• **Given data**:

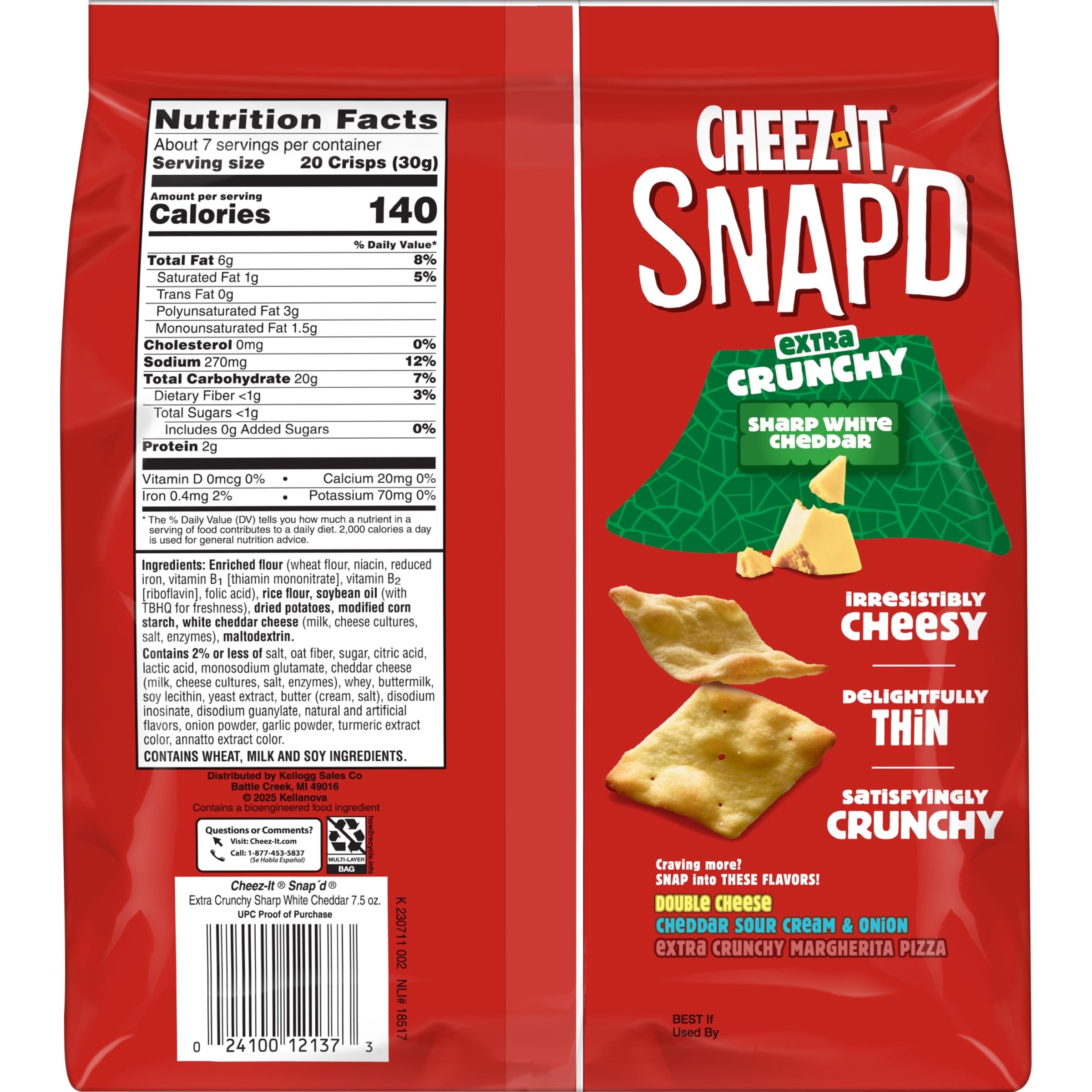 - Includes 1, 7.5oz bag of ready-to-eat Cheez-It Snap'd Extra Crunchy cheesy baked chips; Packaged for freshness and great taste
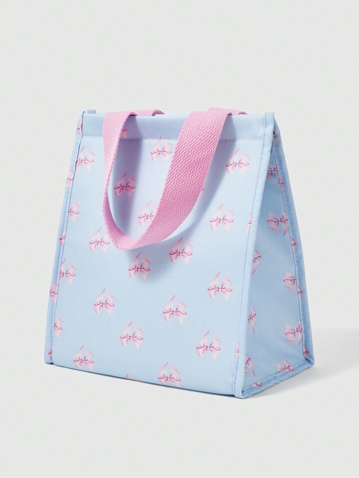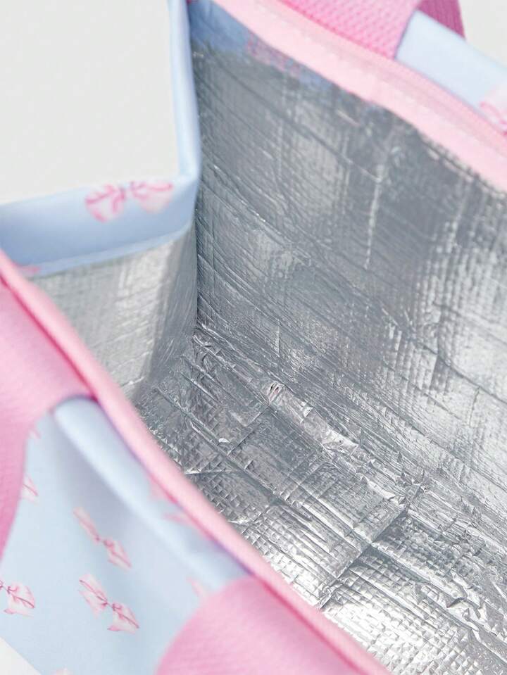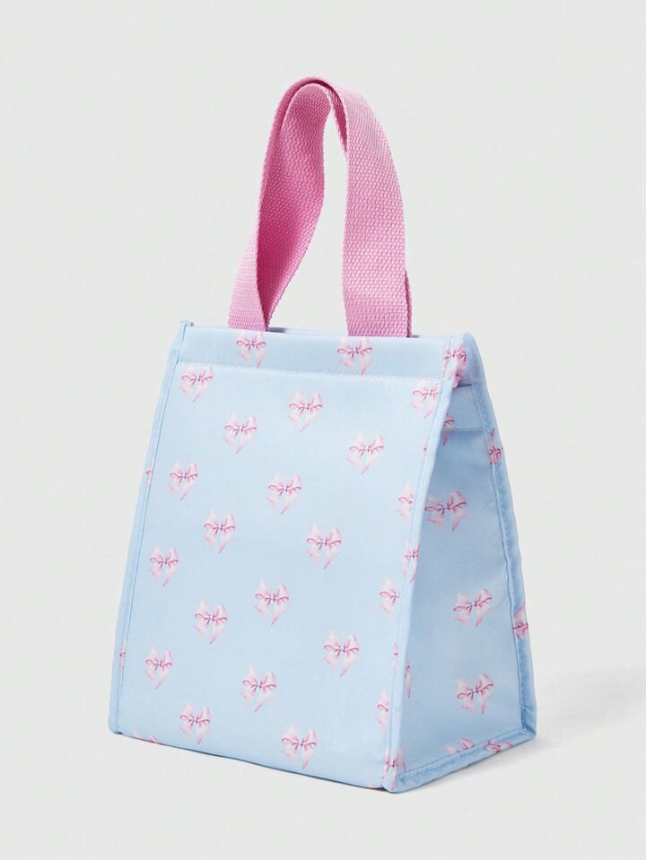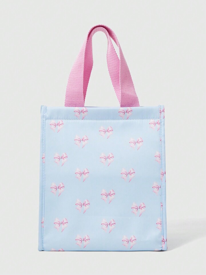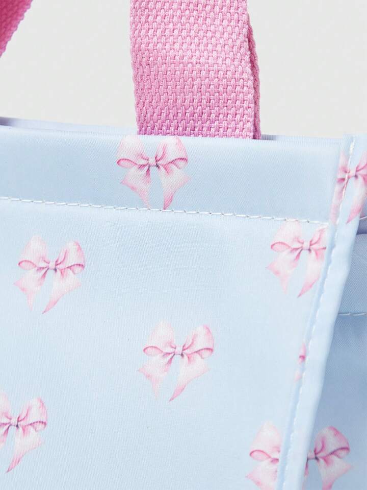 Kawaii Bolsa de almuerzo aislada con moño lindo en azul y rosa
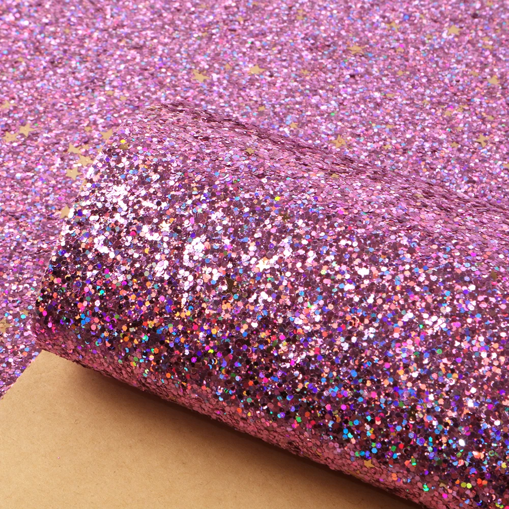 David accessories 20*34cm Pink Chunky Glitter Sequins Synthetic Leather DIY Bow Bag Shoes Materials Faux Leather Fabric ,1Yc8039

• **What is required**: For this exercise, give the listing again exactly as written, with the pictures omitted.

• **Solution**:
 - Includes 1, 7.5oz bag of ready-to-eat Cheez-It Snap'd Extra Crunchy cheesy baked chips; Packaged for freshness and great taste
 Kawaii Bolsa de almuerzo aislada con moño lindo en azul y rosa
 David accessories 20*34cm Pink Chunky Glitter Sequins Synthetic Leather DIY Bow Bag Shoes Materials Faux Leather Fabric ,1Yc8039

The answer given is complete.